Julia todavía titubeó, viendo la escena en cámara lenta como un sueño repetido, en el cual ella debía actuar un papel que no entendía mucho pero tenía ensayado. Escuchó los ruegos del doctor Massei, llamándola para que despertara, mientras Antonieta rezaba con frenesí. Su brazo tomó impulso para clavar la daga en el corazón de su querido Lucas y en el momento en que el peso de su brazo caía a toda velocidad, escuchó:
–¡Santo Dios! –chilló Antonieta en el instante que la tía Elena, inmóvil hasta ese punto, rompió un botellón de vidrio esmerilado en la cabeza de la joven.
Julia cayó insensible y Lucas se apartó de un salto, gracias a la justa intervención de la anciana.
Charles no podía soportar que siempre se salvara. Soltó a Lina y una mesa de café estalló por los aires en lugar del dueño, por poco, al aplastar su puño en ella. Estaba dispuesto a destrozarlo en piezas con sus propias manos, debido a las lágrimas contenidas que imaginó en los ojos entrecerrados de su Niobe. Pero antes de alcanzarlo, los brazos que creía haber dominado antes se le enroscaron en torno al cuello, intentando estrangularlo.
–Tienes mucha fuerza para defender a ese hombre... –gruñó– pensé que me había deshecho de esa tontería con tu hermano...
No podía dejar de decir cosas que la hacían enfurecer hasta querer morder su cara, pero sólo logró arrancarle un pedazo de oreja antes de que la empujara lejos.
Lucas reaccionó al fin y recordó que tenía el arma de Helio metida en el cinturón. Sólo esperó que ella se saliera del camino y apretó del gatillo, hasta vaciarlo. Charles se sacudió con cada impacto, con cada explosión, y sin embargo, no se dejó caer. Todavía aturdida, Lina no intentó seguirlo cuando el vampiro se acercó al ventanal y tras pronunciar algo en voz baja, traspasó el vidrio y se perdió en la noche.
Julia se incorporó a medias, obnubilada, agarrándose la cabeza que le latía horriblemente y lo primero que percibió fue a Lucas, el hombre que tanto quería y que había intentado lastimar, ayudando a Lina a levantarse, y luego junto a su mano, la daga de plata con la serpiente enroscada, que nadie había recuperado del piso. Todavía resonaban claras en sus oídos las palabras de ese hombre terrible, inaudibles para el resto de las personas en esa habitación. Si no cumples tu tarea debes...
–No te apures, ¿estás mareada? –le decía el doctor Massei a Lina, cuando un soplo de viento helado entró por la rotura en la ventana y por algo volvió sus ojos a Julia. Le pareció que lo miraba desconsolada, arrodillada como una mártir, sosteniendo el peligroso filo entre ambas manos. Sólo llegó a exclamar–: ¡No! ¿Qué ha-?
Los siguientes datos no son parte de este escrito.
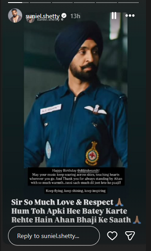 The post received even more love when Suniel Shetty, Ahan’s father and a veteran actor, reacted to it. Suniel Shetty, who was an important part of the original ‘Border’ film, praised Diljit for supporting Ahan. He wrote a heartfelt message wishing Diljit continued success and said that his music and personality truly win hearts. Suniel also wished him a bright future filled with inspiration and positivity.

Demasiado tarde. Todos vieron fascinados el tajo resuelto con que se cortó la yugular y la hoja de plata cayendo de sus dedos crispados. Lucas se precipitó hacia ella, gritando a la tía Elena que no mirara y a Antonieta que llamara a emergencias, rápido. Mientras trataba de contener con su mano el potente flujo bombeado por el corazón, no pudo evitar compararla con la paciente que se había intentado suicidar en Santa Rita, y miró automáticamente a Lina, pidiéndole socorro, que alguien hiciera algo porque todas se habían quedado heladas.
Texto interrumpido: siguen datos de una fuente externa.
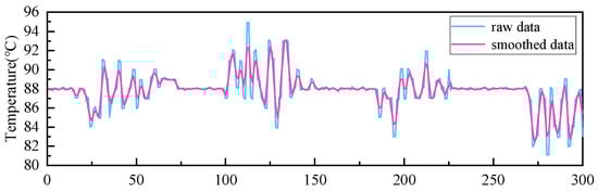 The symbols , , , and in Equations (12) and (13) represent the Kalman gain matrix, the filter optimum, the deviation matrix, and the unit matrix, respectively. By appropriately adjusting the matrices Q and R, the degree of suppression of process noise and measurement noise by the Kalman filter can be controlled and realized. The results obtained from processing a subset of acquired data using the Gauss–Kalman filter are shown in Figure 9.
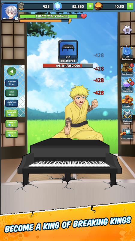 हीरो युकीची और हाना तीन क्षेत्रों में सभी क्षेत्रों को जीतना चाहता है और नायक को द्वीपों में सब कुछ तोड़ना पड़ता है; असुका, नारा और हीयान। प्रत्येक मास्टर ने अपनी चुनौती के लिए तोड़ने के लिए आइटम तैयार किए हैं। यदि आप एक राजा बनना चाहते हैं, तो आपको इस आकस्मिक क्लिकर सिमुलेशन में अपने दोहन कौशल में महारत हासिल करने की आवश्यकता है!
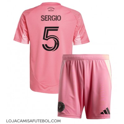 Camisa de Futebol Inter Miami Sergio Busquets #5 Equipamento Principal Infantil 2025-26 Manga Curta (+ Calças curtas)

Ella dio un paso trémulo, movida por los sollozos histéricos de las señoras De Boucher, pero el perfume metálico que golpéo su fino olfato y el líquido escarlata que la tentaba, la paralizaron. Sintió la mirada acusadora de Massei. Ahora sabía, entendía por qué se estremecía allí parada.
Todo lo que había previsto Charles estaba pasando: no podía vivir entre humanos sin que la vieran como un monstruo, y con razón podían considerar así a su raza, testificaba la serpiente ciñendo la daga en forma de cruz, en medio de un charco rojo.